Road to civil war timeline Matt Dietrich

By matt03
  • Missouri compromise

    In an effort to preserve the balance of power in Congress between slave and free states, the Missouri Compromise was passed in 1820
  • Nat Turner Rebellion

    Nat Turner's Rebellion was a slave rebellion that took place in Southampton County, Virginia, in August 1831, led by Nat Turner. Rebel slaves killed from 55 to 65 people, at least 51 being white.
  • Compromise of 1850

    Senator Henry Clay introduced a series of resolutions on January 29, 1850, in an attempt to seek a compromise and avert a crisis between North and South. As part of the Compromise of 1850, the Fugitive Slave Act was amended and the slave trade in Washington, D.C., was abolished.
  • Fugitive slave act

    The Fugitive Slave Law or Fugitive Slave Act was passed by the United States Congress on September 18, 1850, as part of the Compromise of 1850 between Southern slave-holding interests and Northern Free-Soilers.
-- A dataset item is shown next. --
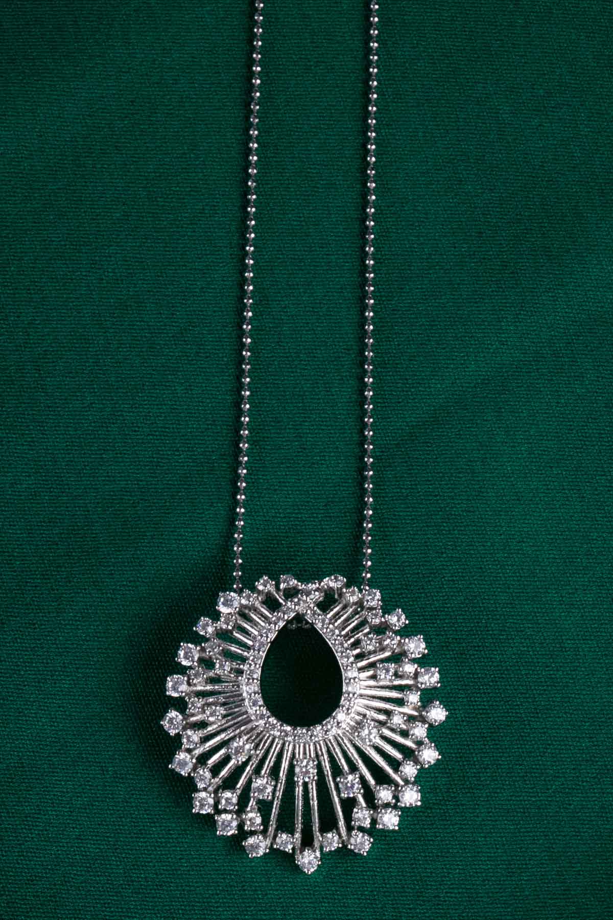 The designer pendant is a classic piece of jewellery that is always in style. A designer pendant is constructed with a small object that is attached to a graceful chain or necklace. Note: A pendant comes as a hanging piece without a chain; the wearer can experiment with different styles of chain as per her styling preference. Designer pendants at ScrollnShops are adorned with a variety of enchanting gemstone and diamond surroundings, exuding a sophisticated and feminine elegance. Every woman's closet should include a pendant since it provides a simple yet elegant look. It is an amazing adaptable piece of jewellery that can be worn for everyday use, being lightweight. One can also style them for festive occasions and informal affairs, showcasing minimal and Porsche hues.

Abolitionists nicknamed it the "Bloodhound Law" for the dogs that were used to track down runaway slaves.
  • Uncle toms cabin

    An anti slavery book that was believed to have been a big factor that lead to the civil war
  • Bleeding Kansas

    The Border War was a series of violent civil confrontations in the United States between 1854 and 1861 which emerged from a political and ideological debate over the legality of slavery in the proposed state of Kansas.
  • Kansas Nebraska act

    The Kansas-Nebraska Act was passed by the U.S. Congress on May 30, 1854. It allowed people in the territories of Kansas and Nebraska to decide for themselves whether or not to allow slavery within their borders. The Act served to repeal the Missouri Compromise of 1820
  • Brooks Attacks Sumner

    The Caning of Charles Sumner, or the Brooks–Sumner Affair, occurred on May 22, 1856, in the United States Senate when Representative Preston Brooks used a walking cane to attack Senator Charles Sumner, an abolitionist, in retaliation for a speech given by Sumner
  • Lincoln-Douglas Debates

    Lincoln-Douglas debates, series of seven debates between the Democratic senator Stephen A. Douglas and Republican challenger Abraham Lincoln during the 1858 Illinois senatorial campaign, largely concerning the issue of slavery extension into the territories.
  • Raid on Harper's Ferry

    It was an effort by abolitionist John Brown to initiate an armed slave revolt in 1859 by taking over a United States arsenal at Harpers Ferry, Virginia. Brown's party of 22[1] was defeated by a company of U.S. Marines,
  • Election of 1860

    American presidential election held on Nov. 6, 1860, in which Republican Abraham Lincoln defeated Southern Democrat John C. Breckenridge, Democrat Stephen A. Douglas, and Constitutional Union candidate John Bell.